According to Rabbi Steinsaltz, Jewish mysticism - or Kabbalah - is the official theology of the Jewish people. Although the world of Kabbalah is profoundly symbolic and abstract, its teachings are of tremendous significance to the individual and to society alike. Its influences are evident in all Jewish spheres - the prayer book, the Talmud, and Jewish philosophy.

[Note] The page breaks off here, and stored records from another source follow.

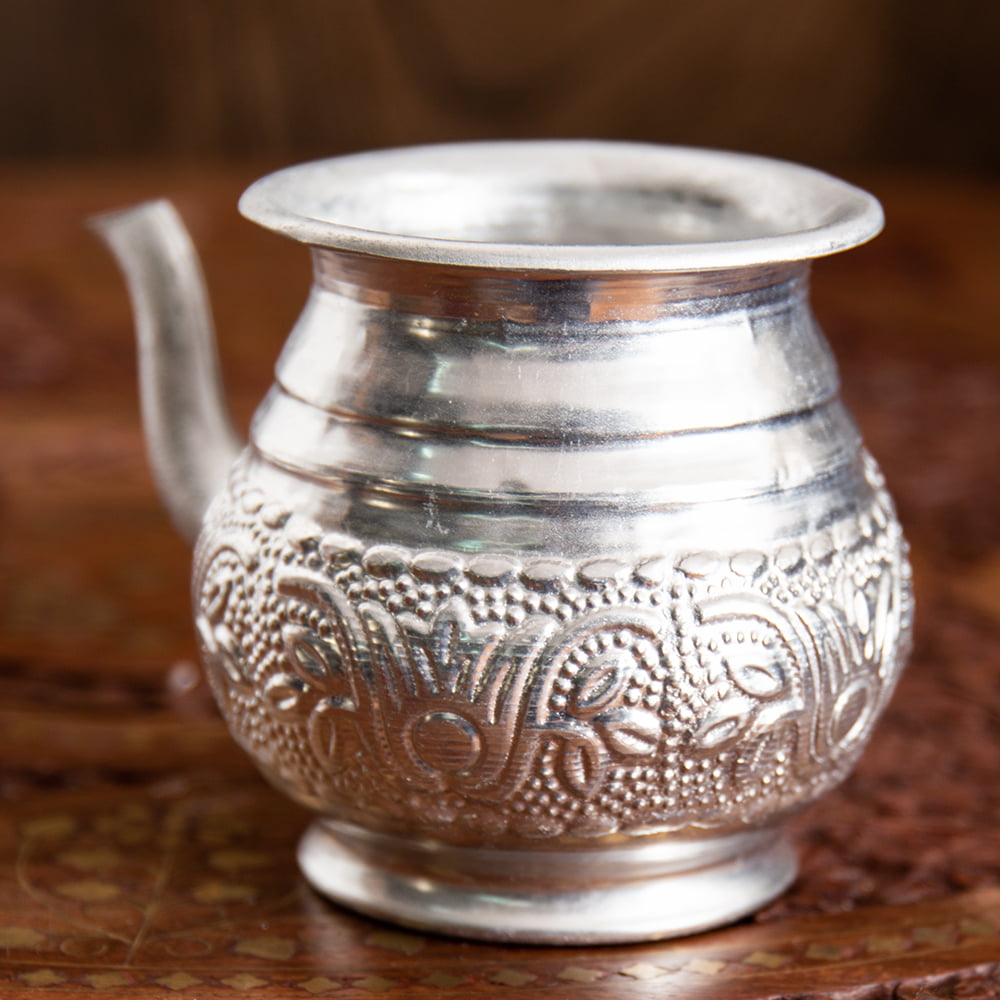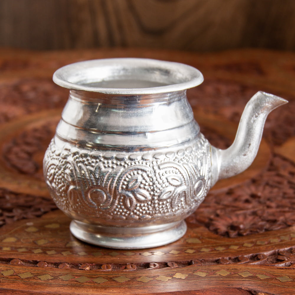 【送料無料・12個セット】インド伝統唐草エンボスのアルミ水差し - 高さ:約7.5cm 通販店
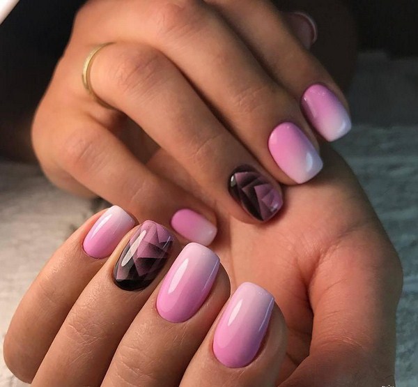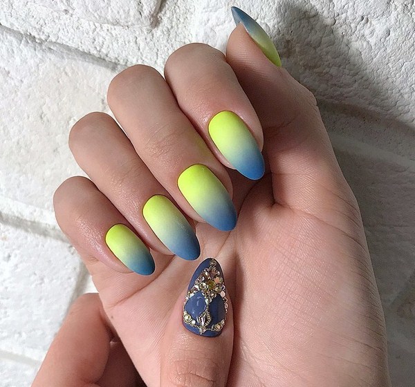 Penampilan jaket musim panas yang menawan adalah jaket ombre untuk musim panas 2025-2026, yang kelihatan menakjubkan pada kuku bentuk dan panjang yang berbeza.
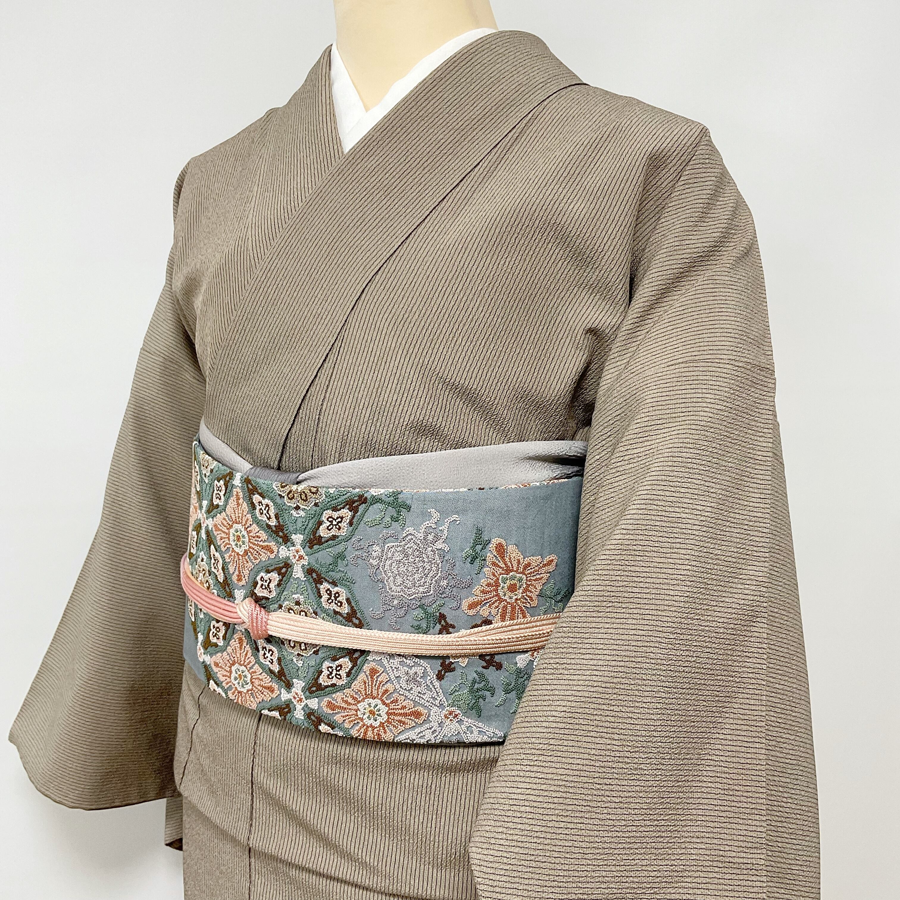 紋が入っていませんので、名古屋帯と合わせてお友達とのちょっとしたお出かけなどに最適なお着物です。
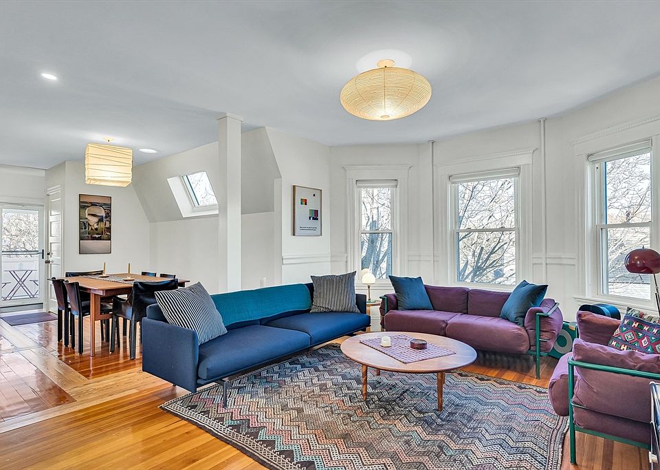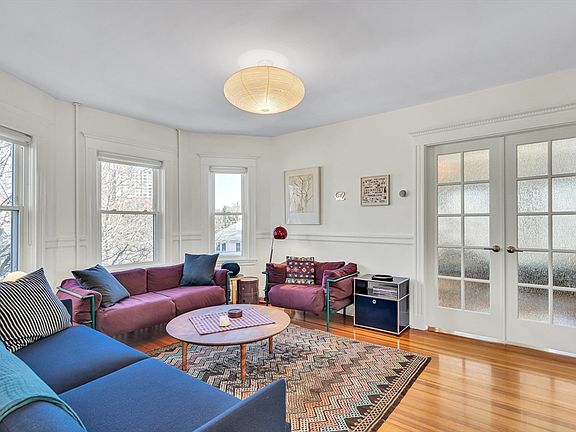Treetop beauty flooded with light. Recently renovated while retaining charming details. Rich wood floors throughout complement the wood trim, high ceilings & large windows. Welcoming foyer w/plenty of room for furniture, window, & closet. Open floor plan allows for more living area and better flow. Giant picture window skylight plus solar tube enhances the dining area. Stunning new kitchen w/stainless-steel appliances, plenty of cabinets, under counter W/D, handsome tile backsplash & direct access to private porch. Bow style windows in the living room add spaciousness & more hours of natural light. Custom window treatments over newer windows. French doors with privacy glass separates the font bedroom to living room for a flexible floor plan. 2nd bedroom has a double closet. Tile bathroom w/ Claw-foot deep tub ideal for soaking. Convenient location - ½ mile to Fresh Pond, easy access to Harvard Square & Charles River plus commercial districts in Belmont, Watertown & Cambridge. A gem.
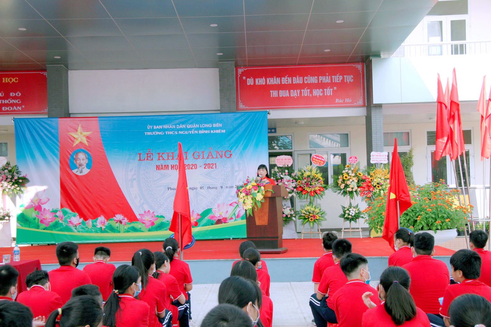 Trong buổi lễ khai giảng năm học 2020 -2021, nhà trường vinh dự được đón đồng chí Phạm Nam Anh, phó Bí thư Quận đoàn, Chủ tịch Hội Liên hiệp thanh niên Việt Nam quận Long Biên đến dự và trao quyết định thành lập Liên đội THCS Nguyễn Bỉnh Khiêm và hoa chúc mừng.

Kabbalah is not a separate area of Torah knowledge, but rather the hidden, spiritual dimension of the revealed aspects of the Torah. These revealed facets of Torah - such as halakha (Jewish law) - speak primarily about visible, physical things; Kabbalah, on the other hand, speaks directly about spiritual entities, like the system of olamot (spiritual "worlds," or graduated levels of reality) and sefirot (divine "attributes," or channels of divine energy) through which God creates, sustains and directs the universe. It also discusses the interaction between those entities and the performance of mitzvot in the physical world. It is for this reason that Kabbalah has been called the soul of the Torah.
The character of Kabbalah is perhaps manifested most clearly in Hasidut. By changing the terminology of Kabbalah yet maintaining its messages, Hasidut offers a simpler, more accessible way of unlocking its secrets.
The Hasidic movement, which has prompted dramatic changes in the outlook of the Jewish people, began in the late 18th century with the teachings of Rabbi Yisrael Ba'al Shem Tov. By re-emphasizing the value of every Jew, the Ba'al Shem Tov provided his disciples with the opportunity to link the individual closer to the Almighty. Hasidism has breathed new vitality into Jewish life, offering an alternate route to the arduous and, for some, unattainable path of study.